- [What the task requires]: In your copy of the data, keep every word exact and include no pictures.

- [Provided material]:
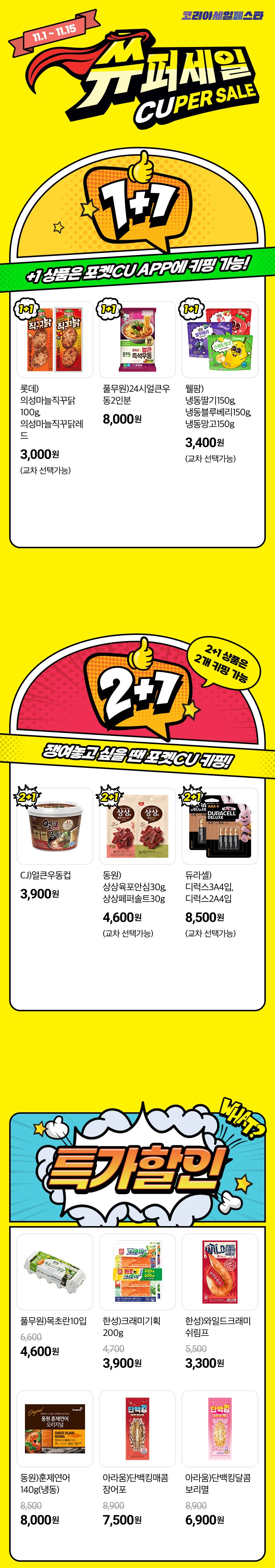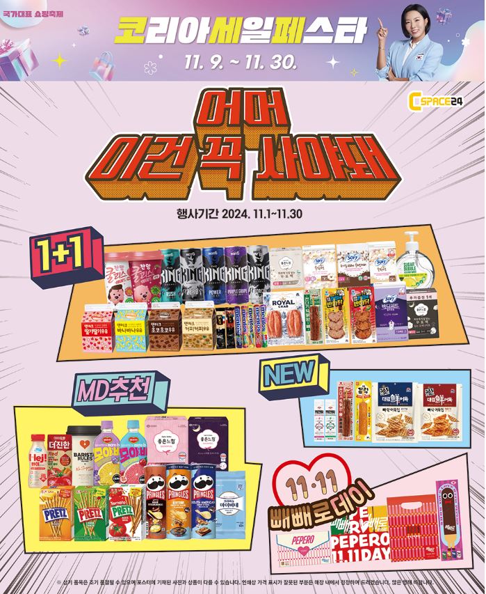 이 밖에도 빼빼로데이 할인, 편의점 이색상품인 주류 할인 및 다양한 품목에 1+1, 2+1 할인 행사를 진행합니다.
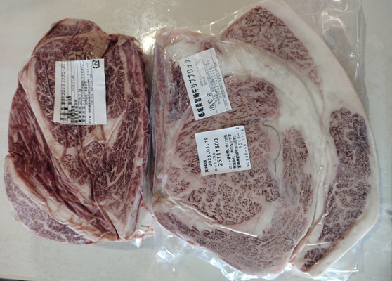 都城産で牛リブ塊肉は2件取扱いがあったので両方お願いして比較しました。
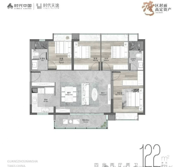 项目由时代中国倾力打造,作为中国房地产百强企业,时代始终以高标准把控建筑质量与精工细节。全屋采用高品质精装交付,从选材到工艺均经过严格品控,兼顾实用性与审美感。户型设计方正通透,动静分区合理,全飘窗设计最大化引入自然采光与通风,营造健康舒适的居住环境。
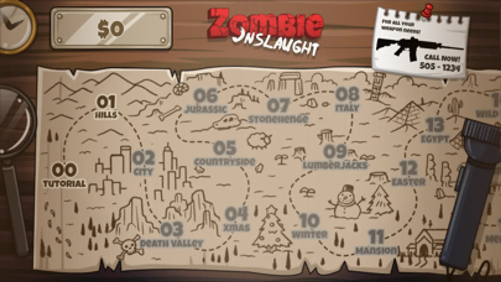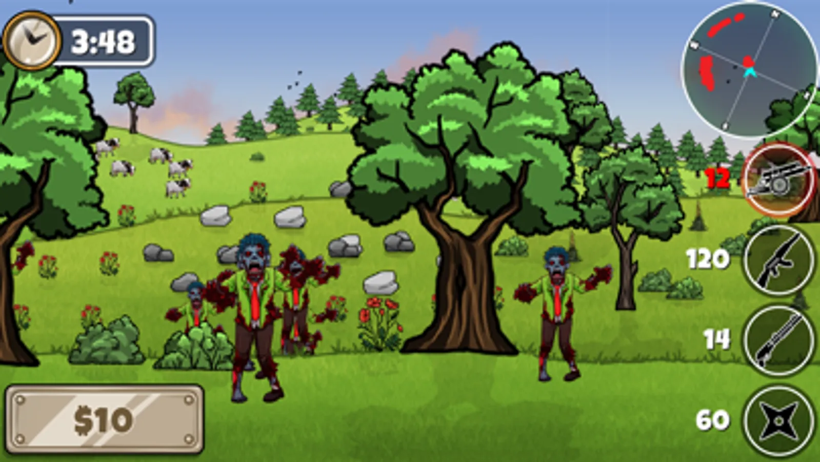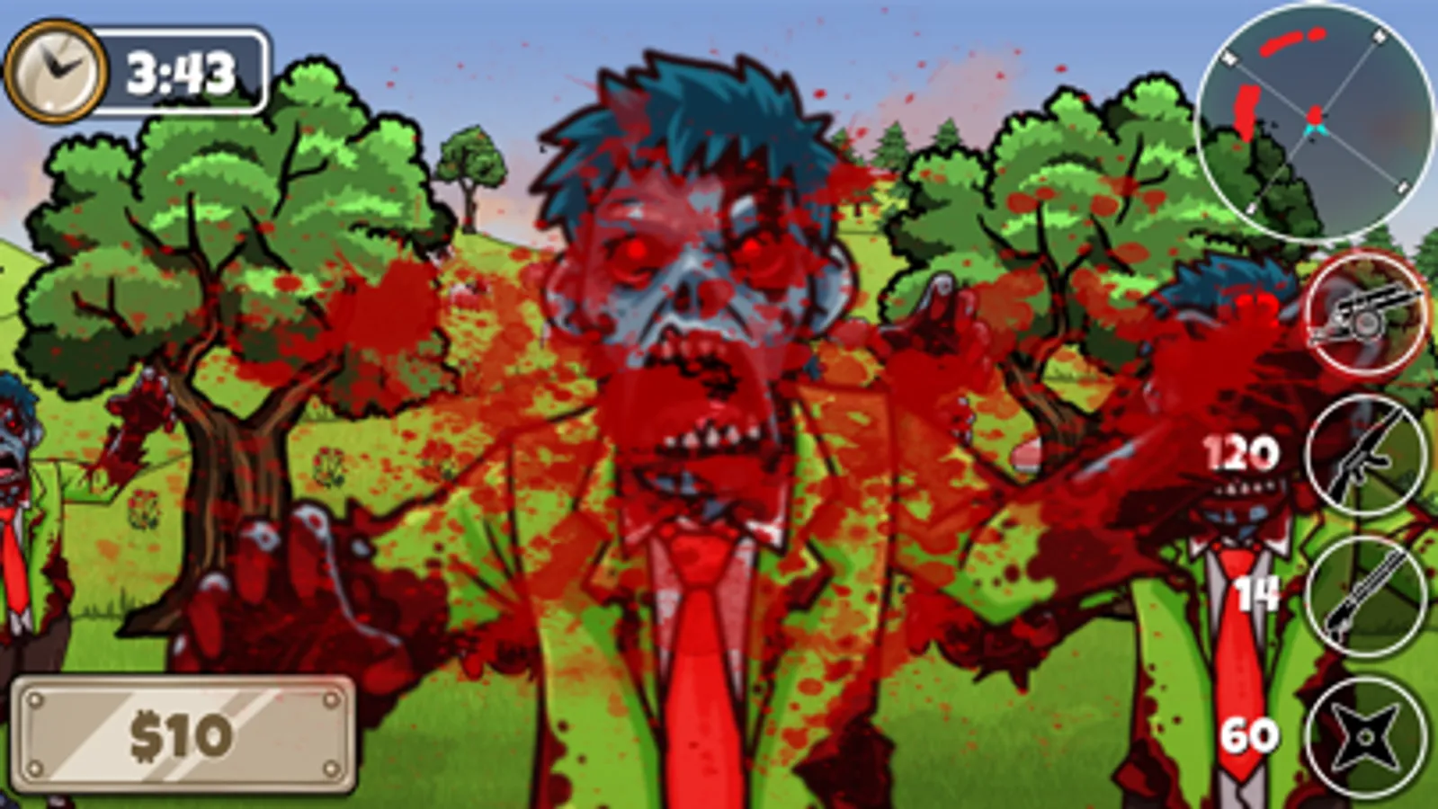 Survive waves of zombies - and it's not just zombies, it's zombie dogs, trolls, frogs and spiders too! Work your way through the levels on your survival map, and buy extra more powerful weapons with the money you earn.

- [Written reply]:
 이 밖에도 빼빼로데이 할인, 편의점 이색상품인 주류 할인 및 다양한 품목에 1+1, 2+1 할인 행사를 진행합니다.
 都城産で牛リブ塊肉は2件取扱いがあったので両方お願いして比較しました。
 项目由时代中国倾力打造,作为中国房地产百强企业,时代始终以高标准把控建筑质量与精工细节。全屋采用高品质精装交付,从选材到工艺均经过严格品控,兼顾实用性与审美感。户型设计方正通透,动静分区合理,全飘窗设计最大化引入自然采光与通风,营造健康舒适的居住环境。
 Survive waves of zombies - and it's not just zombies, it's zombie dogs, trolls, frogs and spiders too! Work your way through the levels on your survival map, and buy extra more powerful weapons with the money you earn.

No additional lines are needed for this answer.